Según Pieper (2006), el interés por las aves que se traían de América manifestado por las élites europeas formó parte del afán coleccionista generalizado en los siglos XVI y XVII, que se extendía a toda clase de naturalia y artificialia, ya fueran los objetos mismos o sus descripciones e imágenes. En el caso que nos ocupa, los primeros papagayos americanos llegaron a Europa en 1493 (regreso de la primera expedición de Colón). Los animales desembarcaron en Sevilla y acompañaron al almirante y su séquito hasta la corte castellano-aragonesa, que en aquel momento se hallaba en Barcelona, allí fueron regalados a la reina Isabel la Católica que se entusiasmó con ellos. Cuatro años más tarde, un cronista veneciano (Marino Sanudo) menciona que el embajador Francesco Capello había traído a la ciudad papagayos desde dicha Corte como primer vestigio de estos animales más allá de la Península Ibérica, Italia en concreto. Unos seis años después, 1503, Lucas Cranach (pintor y grabador alemán, muy relacionado con humanistas de esa época) retrató –por encargo del esposo- a Anna Cuspian con un ara (papagayo) rojo, procedente del Brasil, lo que confirma que dichos animales habían llegado más allá, al norte de los Alpes, siendo esta referencia una de los primeras menciones de estas aves en pintura. Y es que según Pieper (op. cit.) catorce años después del regreso de la primera expedición colombina, la llegada y posesión de papagayos de América era digna de mención en la correspondencia letrada entre máximos representantes del humanismo alemán.
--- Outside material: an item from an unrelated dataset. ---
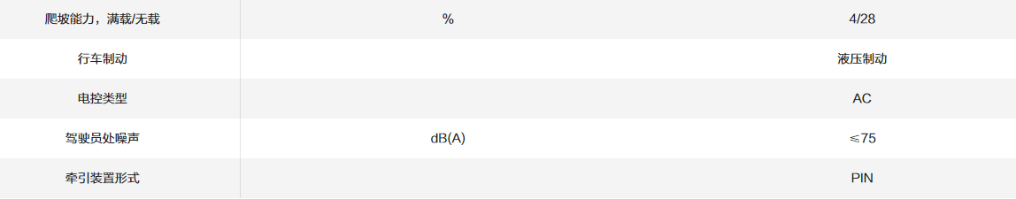 高容量电池,可满足长时间的操作需求;配备进口驱动桥、AC交流电机,完美配合液压、转向系统,确保动力的高效输出,动力强劲可媲美内燃车。

Resulta anecdótico comentar que todavía en 1534 había pleitos en numerosos lugares de Europa acerca de estas aves exóticas. Recordemos el que sostuvo Sebastián Caboto contra Juan Junco por el robo de un papagayo. Caboto, Piloto Mayor de la Casa de la Contratación entre 1518 y 1548 era hijo de Giovanni Caboto, y en 1525 dirigió una expedición que se proponía llegar a las Molucas a través del Estrecho de Magallanes, aunque no pasó del Río de la Plata. Esto le ocasionó numerosos problemas cuando volvió en 1530 (Pardo Tomás, 2006). Allá por 1534 denunció la falta de un papagayo de su propiedad que dicha Casa de Contratación se encargó de esclarecer. Años después, 1548, abandonó su puesto en Sevilla para trabajar con el rey de Inglaterra como había hecho tiempo atrás ¿creen ustedes que finalmente llevaría consigo el papagayo? Quiero imaginar que sí, que hubo final feliz…
María Fátima Hernández Martín, doctora en Biología Marina y directora del Museo de Ciencias Naturales de Tenerife.